There’s still time for corporates to benefit from federal tax credits and reap attractive returns.
The final session of NeuGroup’s final H1 meeting featured a presentation on green and sustainability-linked finance by U.S. Bank, sponsor of the NeuGroup for Retail Treasury. Below are some key takeaways from the session as distilled by Joseph Neu, founder of NeuGroup and leader of the retail group.
- Update your view on the ROI of tax equity structures. Commenting on the cash flows from a transaction presented by U.S. Bank, one member noted that they looked more sizable than he remembered when looking into tax equity structures several years ago. This shows how the economics have improved significantly with the greater investment tax credit available, so it pays to do the math again if you have not looked at these in a while. Members confirmed that the immediate (end of year one) tax credit payback and subsequent operational cash flows make it relatively easy to meet your hurdle and do something good with renewable energy (mainly solar) tax equity investments.

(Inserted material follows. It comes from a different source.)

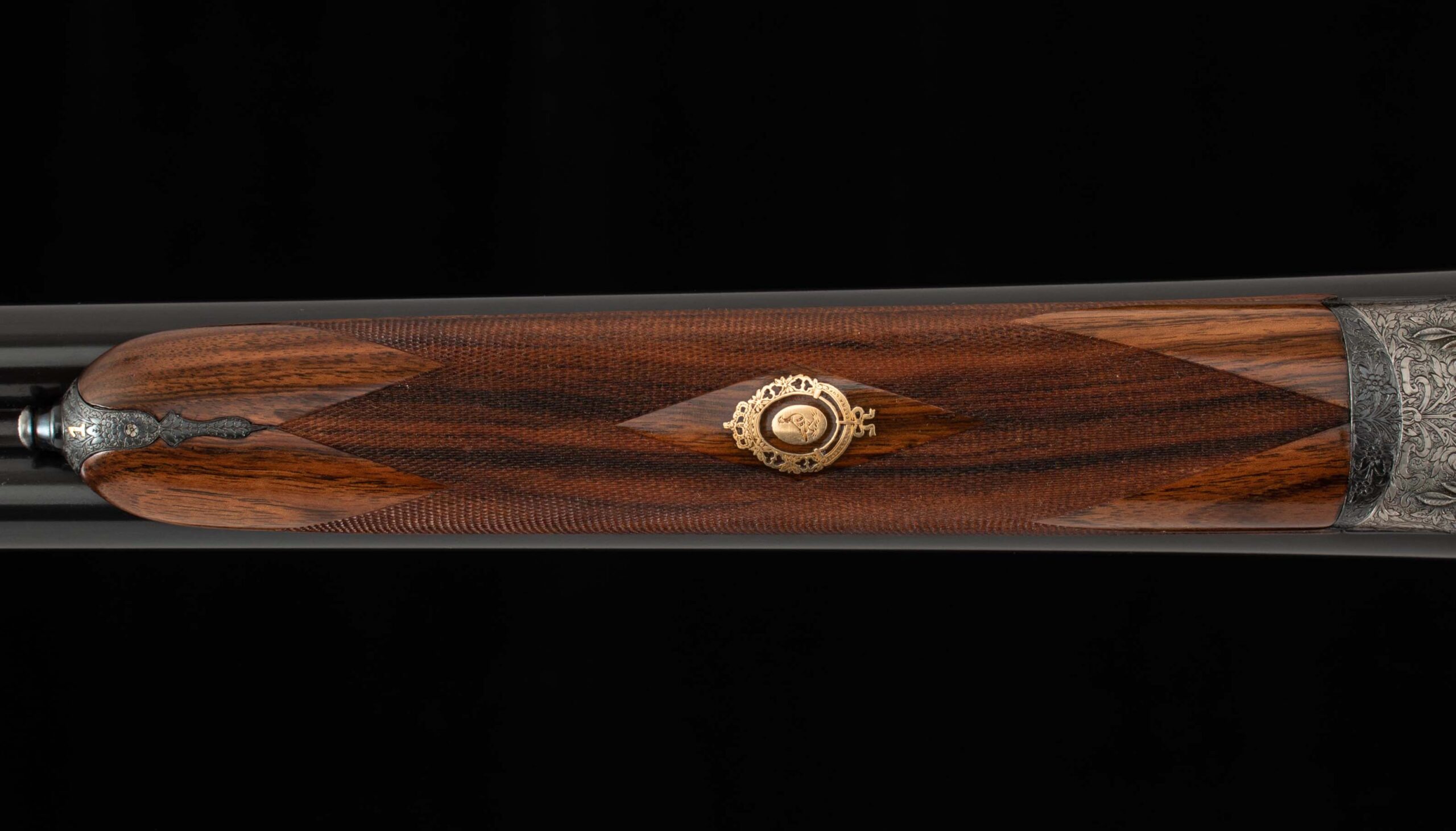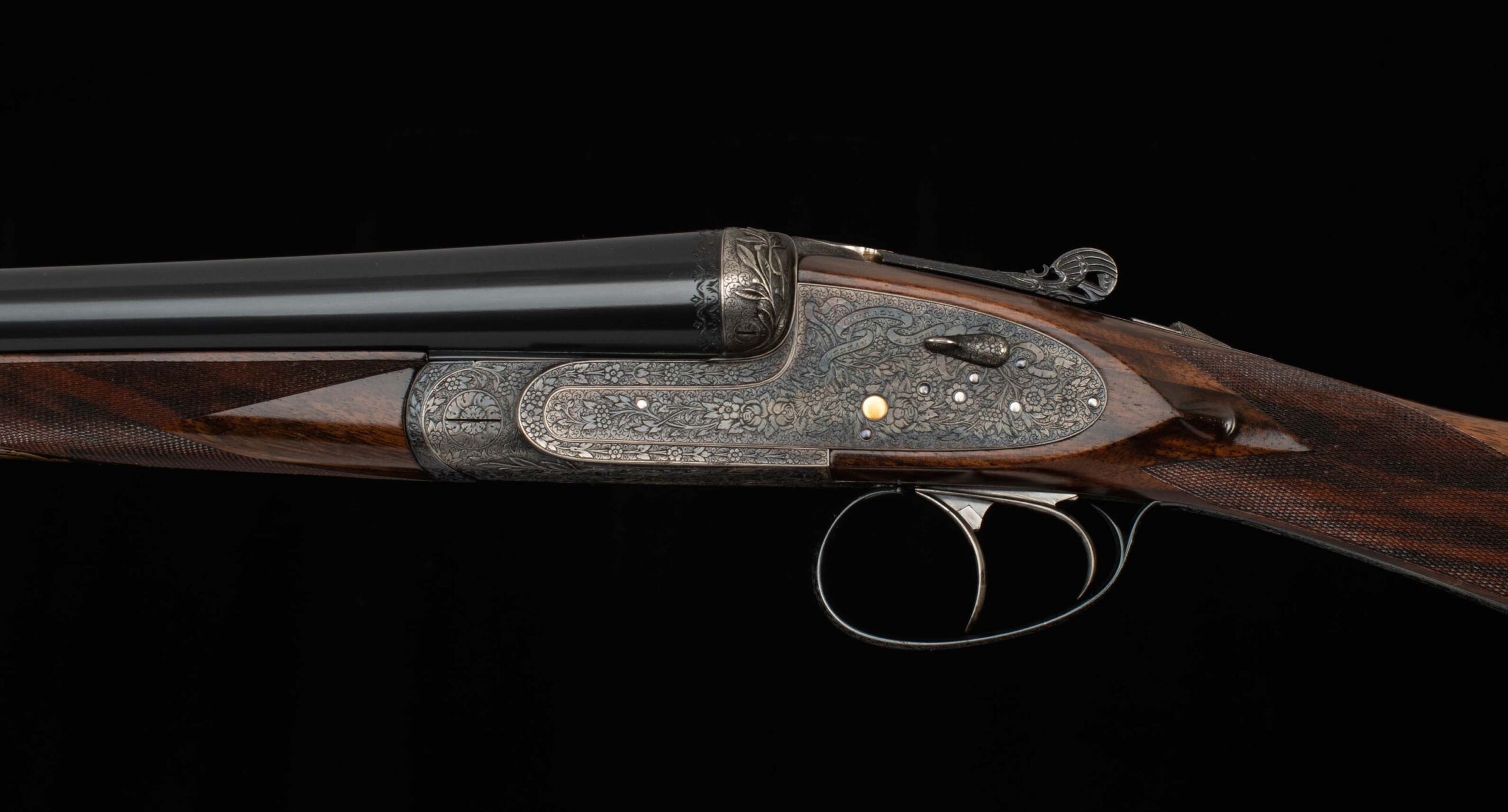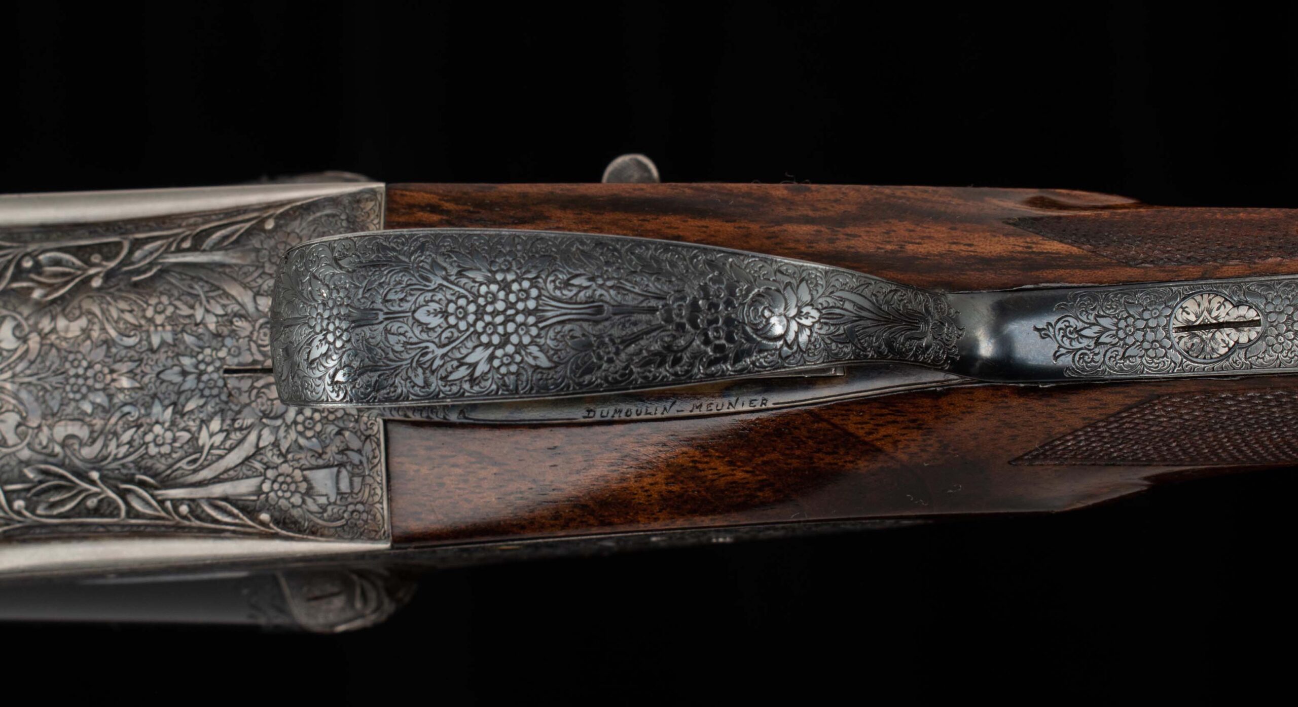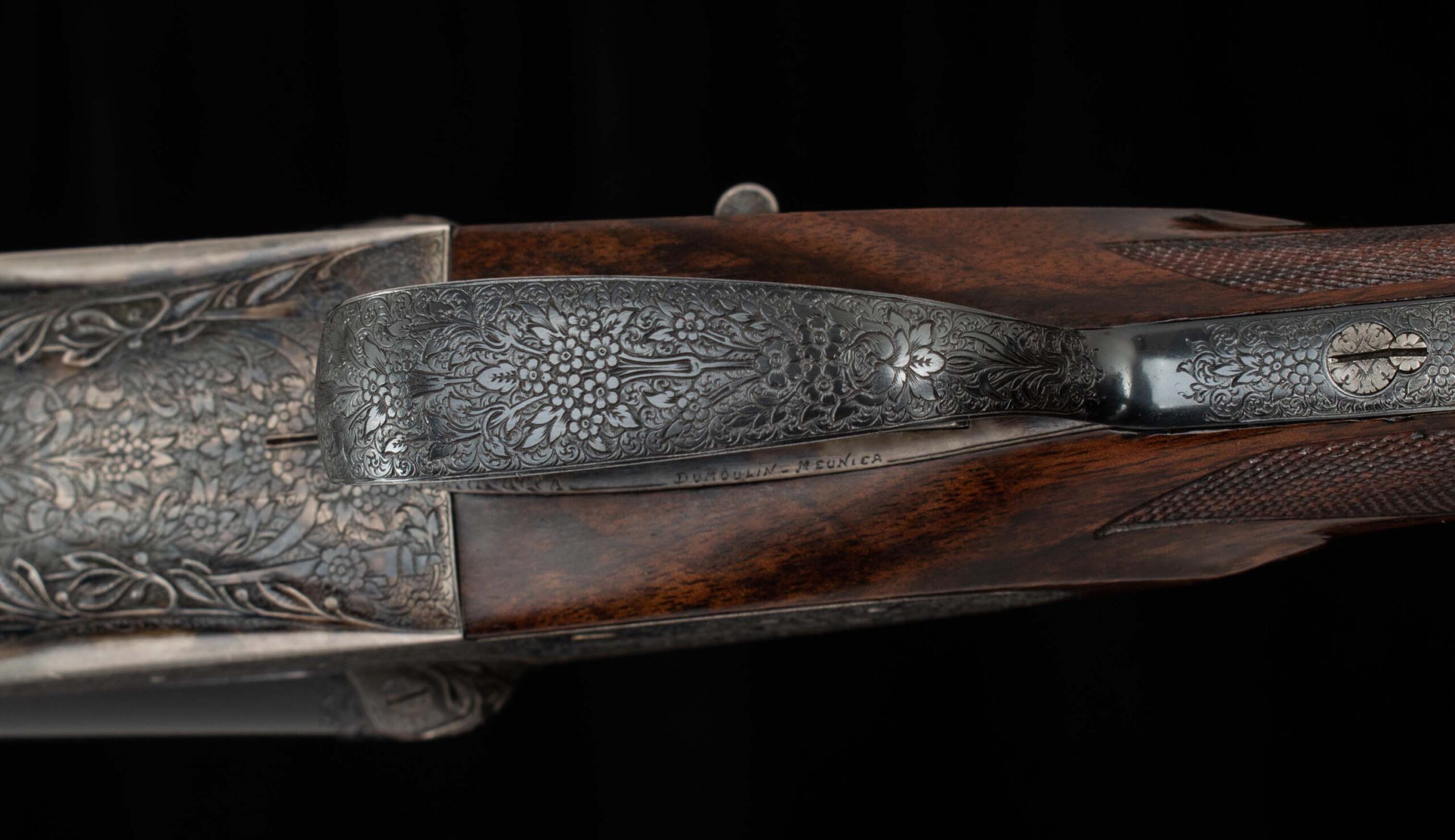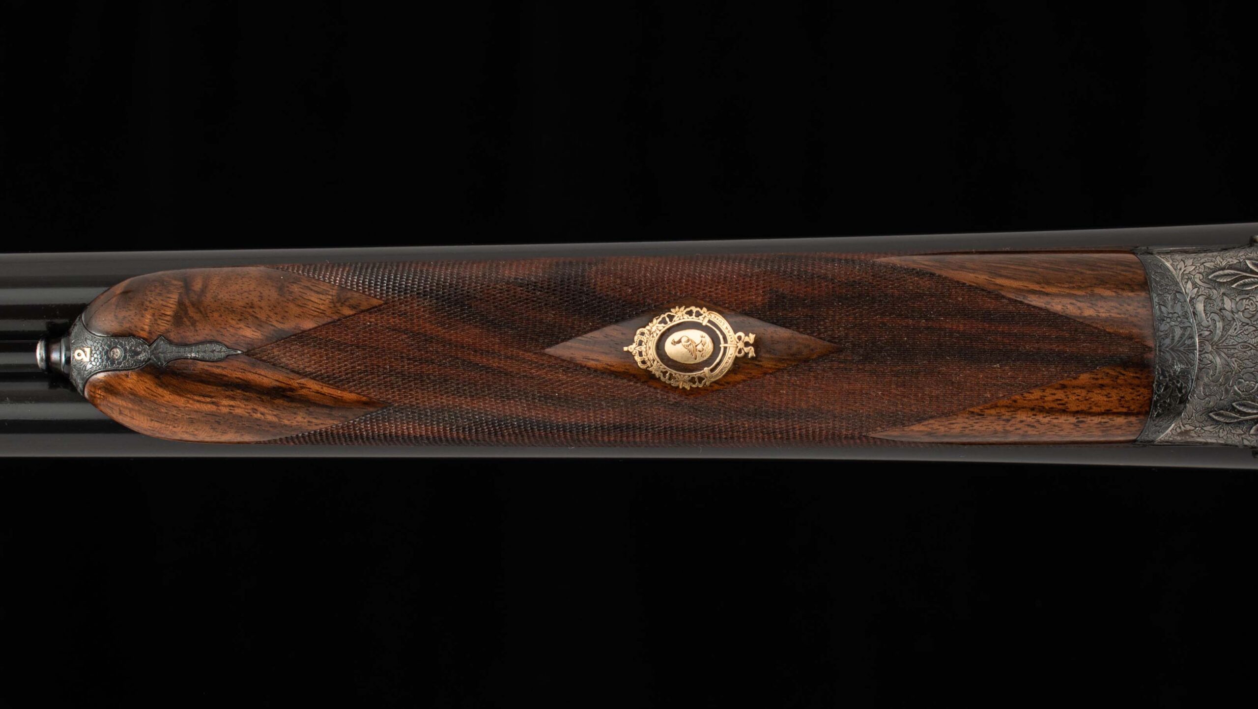 | General Specs: Lebeau Courally, 1960, 12 Gauge, 6lbs. 10oz., Chokes IM/F, LOP 14 3/8″, DAH 2 1/16″, DAC 1 1/2″ Serial Number: 43453,43454 Liège, Belgium was home to some of the world’s finest gunmakers, and still produces some of Europe’s best double shotguns. Lebeau Courally is and has been at the top of the list for the who’s who in Europe to order their bespoke shotguns. This matched pair was ordered for the House of S.C.A.M (Milanese Automotive Construction Society) with the initials G.B. engraved on the gold ovals on the belly of the stocks, was made in 1960. While the name suggests automotive, this manufacturer also produced many firearms during WWII. As happens with these fine firearms, they have changed hands over the years, and now the ovals on the belly of the stock read JD. Whoever has held these beautiful guns over the last 65 years, has given them the care they deserve. The barrels on both guns have factory blue that looks brand new, the bores are mirror, and the engraved borders and makers name at the breech end are crisp and clear. The gold inlay of 1 and 2, respectively are nicely done and present on the breech end of the rib as well as the skeletonized and highly engraved top lever of each gun. The breech fences have deep relief and scroll engraving with a raised border following from the rib down to the frame and around the sidelock, that is sharp and creates a visual flow that is unique and very well done. The frame and sidelocks have a combination of floral and scroll engraving, accentuated by a single gold pin and ribbon showing the maker’s name. The bottom of the receiver exemplifies the level of craftsmanship in the sculpted frame and the precision fit of the trigger plate, again, covered in floral and scroll, but accentuated here with deep relief branches and leaves near those sculpted edges. The trigger guard hosts a central bouquet, surrounded by intricately detailed floral engraving. The screws or in superb condition, with each being engraved perfectly to its surroundings. The Anson forend latch is engraved, and has the matching 1 or 2 gold inlay. Incorporated into the borderless, point checkering pattern is a diamond of negative space that hosts a gold emblem marked “Imperial Extra Luxe” with a pigeon and crown design surrounding. Each gun hosts highly figured walnut with borderless point pattern checkering that follows around the daintiest wrist I have ever held on a 12 gauge double gun. The English stock terminates in a leather covered pad. Of course, with such a fine pair of guns a two gun Motor Case is included. Every aspect of craftsmanship and beauty on this matched pair draw attention where it is due, and yet there is something subtle about them as well, not too flashy; they are rich and warm. We provide the most comprehensive photography and specifications in the marketplace to guide you in making an informed choice. Just remember, nowhere is it more apparent than in the gun world…you get what you pay for! Thanks for looking!

- It helps to work with a bank/broker with balance sheet. If you have your own source of funding it is easier to control the transaction while lining up investors and keeping the contractor and project moving. One member noted having a transaction fail with a broker that did not have its own funding and lost control of the project.
- Investors needed. U.S. Bank says that there are multiples more projects needing financing than current investors in tax equity structures, so it’s a bit of an investor’s market. Also, even if the tax credits on offer though 2023 are not renewed, there is still ample time to get on board—and there is good likelihood that they will be.
- PPAs and VPPAs. Power purchase agreements (PPAs) and virtual PPAs are also a way to support renewable energy, but come with a bit more risk due to potential price fluctuations and the need to actually use the energy procured or the counterparty risk with the VPPA. Tax equity structures tend to have a first loss guarantee by the bank to cushion performance risk.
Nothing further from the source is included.